While my eyes may have occasionally glazed over in class, I did manage to learn that tax policy is what makes the law and it isn’t the law that should be making tax policy. This distinction might seem subtle or nonexistent, but I think is illustrated in all its grandeur in a New York State ALJ Decision, In the Matter of Moody’s Corporation & Subsidiaries, (DTA Nos. 828094 and 828203, October 24, 2019.)
There were four separate issues in this case, but the focus will be on the apportionment of receipts to New York State by the taxpayer, Moody’s Investors Services (MIS). MIS is hired by issuers of corporate debt to perform what we all know as bond rating services used by the investment public in making decisions regarding the appropriateness and the risk of investing in specific debt issues. Both the Tax Department and the taxpayer agreed that MIS performs these services for debt issuers with commercial domiciles throughout the world, the services are “used” by investors throughout the world, but most of the activities (roughly fifty seven percent) in formulating the ratings are performed in New York State.
Prior to New York’s recent switch to market-based sourcing (2015) which now requires receipts to be sourced where the “customer” receives the “benefit” of the services (clearly a new source of confusion and litigation is waiting to happen), services of the type performed by MIS were required to attributed to the location of where the services were performed. So why the litigation?
As we all know, the Tax Law provides for specific apportionment methods, but also permits discretionary adjustments to the application when the formula would achieve an unfair result.
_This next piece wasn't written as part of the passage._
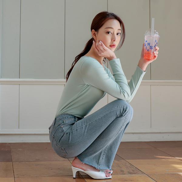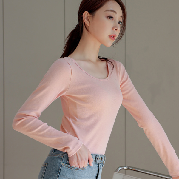 폭넓게 활용하기 좋은 코튼 U넥 티셔츠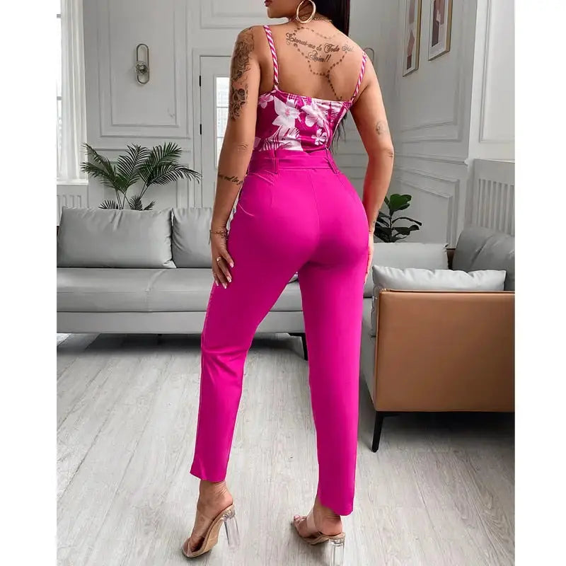 Floral Print Spaghetti Strap Top & High Waist Pants Set

If the taxpayer requests the adjustment, the statute requires seeking permission in advance. MIS claimed an adjustment was in order and despite the Department’s contention, did provide ample proof of the request to use a method like that used for publishers and broadcasters, which allowed looking to the audience. Accordingly, MIS compared the population of New York State to the rest of the U.S. to apportion receipts.
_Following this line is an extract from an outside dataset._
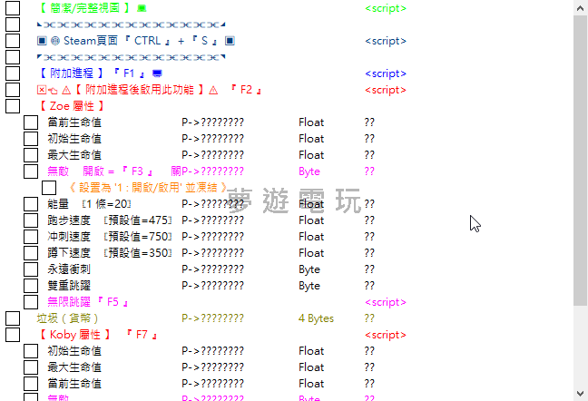 正文摘要:《鋼鐵之種》Cheat Engine腳本使用教學 - 完整遊戲解鎖指南與功能詳解 《鋼鐵之種》遊戲介紹 《鋼鐵之種》(Steel Seed)是一款備受期待的動作冒險遊戲,本教學將為大家帶來RUNE版本(1.0.4)的Cheat Engine腳本使用方法,幫助玩家在遊戲中獲得更多樂趣。無論您是新手還是老玩家,這篇教學都能幫助您輕鬆掌握遊戲中的各種功能。 必備工具下載 1. 《Cheat Engine》V7.6 中文化版記憶體解鎖工具: 下載連結 2. 《鋼鐵之種》遊戲本體: STEAM商店頁面 3. 《鋼鐵之種》CE腳本檔案: 下載連結 (SteelSeedv1_ZH.CT) 腳本使用步驟詳解 1. 首先下載並安裝Cheat Engine 7.6中文版 2. 下載SteelSeedv1_ZH.CT腳本檔案 3. 啟動《鋼鐵之種》遊戲 4. 開啟Cheat Engine,並載入下載好的CT腳本檔案 5. 按下『F1』鍵附加遊戲進程 6. 按下『F2』鍵啟用基礎功能 腳本功能詳細說明 本腳本提供多種實用功能,以下是主要功能列表: 基礎功能: - 【附加進程】- 按『F1』鍵啟動 - 【啟用基礎功能】- 附加進程後按『F2』鍵啟用 角色能力增強: - 永遠衝刺 - 設置為"1"並凍結即可啟用 - 無敵模式 - 按『F3』開啟,按『CTRL+F3』關閉 - 無限跳躍 - 按『F5』啟用 - 雙重跳躍 - 可自行啟用 數值修改: - 當前生命值/最大生命值 - 可自訂數值 - 當前子彈數/最大子彈數 - 可自訂數值 - 能量值修改 (1條=20單位) - 垃圾(遊戲貨幣)數量修改 移動速度調整: - 跑步速度 (預設值=475) - 衝刺速度 (預設值=750) - 蹲下速度 (預設值=350) - 飛行速度 (預設值=600) 角色狀態: - 【Koby屬性】- 按『F7』查看/修改 - 【Zoe屬性】- 可查看/修改 以下廣告滑動後還有帖子內容var custom_call_MIR = function (params) {if ( params === null || params.hasAd === false ) {var divRowSide;for (let index = 0; index < ONEADs.length; index++) {if (ONEADs[index].pub.player_mode === "mobile-inread") {divRowSide = ONEADs[index].pub.slotobj;}}var ins = document.createElement('ins');ins.className = 'clickforceads';ins.setAttribute('style', 'display:inline-block;');ins.setAttribute('data-ad-zone', '18264');divRowSide.appendChild(ins);var js = document.createElement('script');js.async = true;js.type = 'text/javascript';js.setAttribute('src', '//cdn.holmesmind.com/js/init.js');js.onload = function(){console.log('[ONEAD MIR] ClickForce Loaded');};divRowSide.appendChild(js);}};var _ONEAD = {};_ONEAD.pub = {};_ONEAD.pub.slotobj = document.getElementById("oneadMIRDFPTag");_ONEAD.pub.slots = ["div-onead-ad"];_ONEAD.pub.uid = "1000509";_ONEAD.pub.external_url = "https://onead.onevision.com.tw/";_ONEAD.pub.scopes = ["spotbuy", "speed"];_ONEAD.pub.player_mode_div = "div-onead-ad";_ONEAD.pub.player_mode = "mobile-inread";_ONEAD.pub.queryAdCallback = custom_call_MIR;var ONEAD_pubs = ONEAD_pubs || [];ONEAD_pubs.push(_ONEAD);var truvidScript = document.createElement('script'); truvidScript.async = true; truvidScript.setAttribute('data-cfasync','false'); truvidScript.type = 'text/javascript'; truvidScript.src = '//stg.truvidplayer.com/index.php?sub_user_id=597&widget_id=3309&playlist_id=2381&m=a&cb=' + (Math.random() * 10000000000000000); var currentScript = document.currentScript || document.scripts[document.scripts.length - 1]; currentScript.parentNode.insertBefore(truvidScript, currentScript.nextSibling); 常見問題解答 Q1: 為什麼我按F1後沒有反應? A1: 請確保遊戲已經啟動,並且使用的是RUNE版本(1.0.4)。如果問題仍然存在,請嘗試以管理員身份運行Cheat Engine。 Q2: 使用無敵功能後遊戲崩潰怎麼辦? A2: 部分功能可能與遊戲版本不完全相容,建議先儲存遊戲進度再使用功能,或避免同時開啟多個修改選項。 Q3: 如何正確設置數值並凍結? A3: 在需要修改的數值欄位中輸入想要的數值,然後勾選左側的方框進行凍結。數值凍結後將不會因遊戲中的變化而改變。 Q4: 腳本可以用於多人遊戲模式嗎? A4: 不建議在多人遊戲或線上模式中使用此腳本,可能會導致帳號被封禁或其他不良後果。 Q5: 如何恢復遊戲原始設置? A5: 取消所有已勾選的功能,重新啟動遊戲即可恢復原始設置。對於某些功能,可能需要使用特定的快捷鍵關閉,如無敵模式需按『CTRL+F3』關閉。 使用小技巧 1. 建議先熟悉遊戲原始玩法,再使用腳本增強體驗 2. 不同功能組合可能產生意想不到的效果,可以自行嘗試 3. 使用『CTRL+S』可快速打開Steam頁面 4. 使用簡潔/完整視圖切換功能可以更方便地管理腳本界面 本教學適用於RUNE版本(1.0.4),其他版本可能需要更新腳本才能正常使用。希望這份教學能幫助各位玩家更好地體驗《鋼鐵之種》的遊戲樂趣! 👉 GM後台版 遊戲 推薦 ⬇️⬇️⬇️ 快速玩各種二次元動漫手遊app |

The Department objected on audit and insisted that MIS look to where the services were performed as provided for in the statute. While the ALJ agreed with the statutory interpretation of the Department, he did not agree with the result. Now is where you will see the policy-law inversion which I refer to.
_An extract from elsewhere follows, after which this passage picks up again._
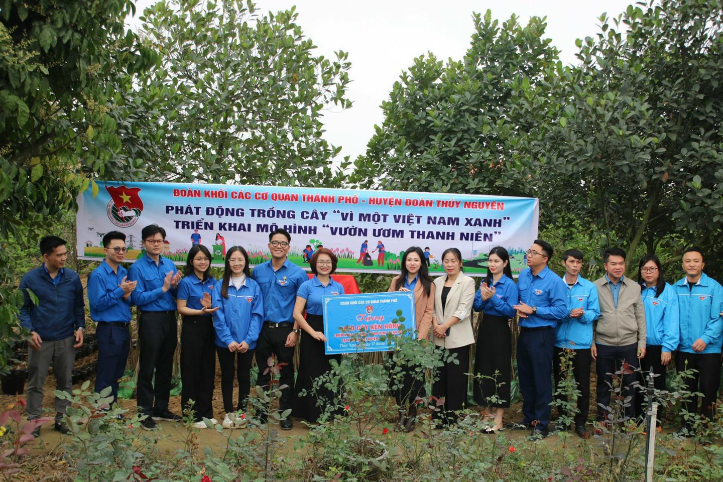 Đ/c Nguyễn Thị Thanh Phương - Phó Bí thư Đoàn khối các cơ quan thành phố đã trao tặng 1000 cây kèn hồng cho Huyện đoàn Thuỷ Nguyên. Nhằm hưởng ứng Chương trình “Vì một Việt Nam xanh” giai đoạn 2021 - 2025 thực hiện Đề án “Trồng một tỷ cây xanh giai đoạn 2021 - 2025” của Thủ tướng Chính phủ Cũng đã khánh thành một công trình đầy ý nghĩa - "Vườn ươm thanh niên". Đây là không gian xanh được thanh thiếu niên tự tay xây dựng, không chỉ là nơi trồng cây mà còn là điểm đến lý tưởng cho các hoạt động tình nguyện và giáo dục môi trường.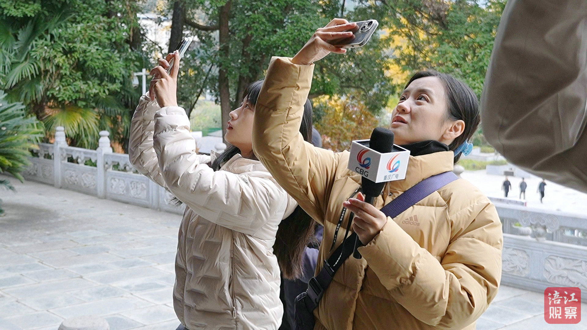 媒體記者們的鏡頭追隨著彩繪壁畫的細膩筆觸、轉輪經藏的古樸紋路緩緩移動,筆端記錄著千手觀音的莊嚴神態與斗拱的精巧構造,不時向講解人員詢問古建筑保護細節與文旅融合路徑,在飛檐風鈴的清響中,探尋這座大明遺珠的過往與新生。

First, the ALJ did find ample proof for the MIS permission request, although all sides admit the Department never formally responded in the earlier years at issue. But more importantly, MIS documented that it’s biggest competitor, S&P, was granted permission to apportion receipts to New York using an audience proxy; exactly what MIS was doing on its returns.
The agreement was made public during related tax litigation. It was clear that S&P was granted alternative apportionment to prevent its move to New Jersey and taking three thousand plus jobs from New York. While keeping New York competitive is certainly vital, is this a job for lawmakers, the Commissioner, tax auditors or some combination of all the above?
Is this problem behind us with the new and improved market-based sourcing rules? I think it is just beginning.